Де Бов подтащила к окну стул и уселась на него с рукописью в руках. Лицо у нее было напряженным, губы беззвучно шевелились. Я плюхнулся в свое кресло и прикрыл глаза. Де Бов шуршала бумажками, мухи жужжали. Хотелось спать. И есть. Дело шло к обеду, а позавтракал я печеньем. Это очень, очень печально.
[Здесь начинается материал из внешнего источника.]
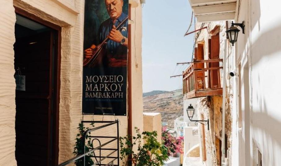Η φωνή του Μάρκου Βαμβακάρη, απόλυτα ταυτισμένη με τα ρεμπέτικα τραγούδια, έκανε γνωστή τη Σύρο και τις ομορφιές της με την αγαπημένη σε όλους «Φραγκοσυριανή», εκφράζοντας την αγάπη του συνθέτη για τον τόπο του. Ανταποδίδοντας αυτή την αγάπη, οι Συριανοί δημιούργησαν μια μόνιμη θεματική έκθεση προς τιμήν του, η οποία αποτελείται από δύο ενότητες και αναπτύσσεται σε δύο χώρους στην Πιάτσα της Άνω Σύρου.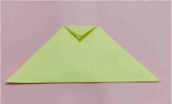 第三步,如图所示,下面向上折两个角,折出猫的耳朵。

– Марк, ответь мне как официальное лицо.
– А?
– Нам обязательно с этими бумажками тут сидеть? Или можно их отсюда забрать?
– Куда, например?
– Например, ко мне.
– Зачем?
– Так, есть одна мысль. Но мне нужна карта.
– У меня есть карта.
Я сдвинул в сторону груду пыльных бумажек и старые ножны. Из них выпал усохший до каменной твердости сухарь. Карта лежала в самом низу, на обратной стороне отпечатался зеленоватый чеканный орнамент, украшавший ножны. Я вытащил ее из завалов и развернул на столе.
– Вот, нашел.
На карту упала тень – де Бов подошла и встала у меня за спиной.
– Ох ты. Знаешь, ты только не обижайся.
– Что?
– Потеряй ее обратно. Так что, можно допросные листы забрать?
Ну вот что не так? Не тем цветом Рокингем закрашен? Нормальная же карта!
Ехать никуда не хотелось. Я не выспался, у меня было паршивое настроение, мне хотелось жрать. И я как раз собирался послать писаря в ближайший трактир за сырными лепешками и печеной курицей. Должна же быть от этого жирного пентюха хоть какая-то польза.
– Это необходимо?
– Нет, естественно. Ты всегда можешь еще раз с монахом поспорить…
– Забирай!
Сумки у меня не было. У де Бов, конечно, тоже. Зато я вспомнил про старый обтертый плащ, который специально держал тут на случай, если захочется вздремнуть. Плащ был чертовски колючий и чертовски же теплый. Его дала мне в дорогу мать, когда я шестнадцатилетним недорослем уезжал с Ричардом Львиное сердце во Францию. Всегда терпеть не мог эту уродскую тряпку, но как одеяло она была незаменима. Я расстелил плащ на полу, свалил на него допросные листы и завязал края. Свитки предательски выпирали. Если этот жирный недоумок хотя бы откроет рот, я просто сверну ему шею. Ну или в морду дам. Это тоже помогает.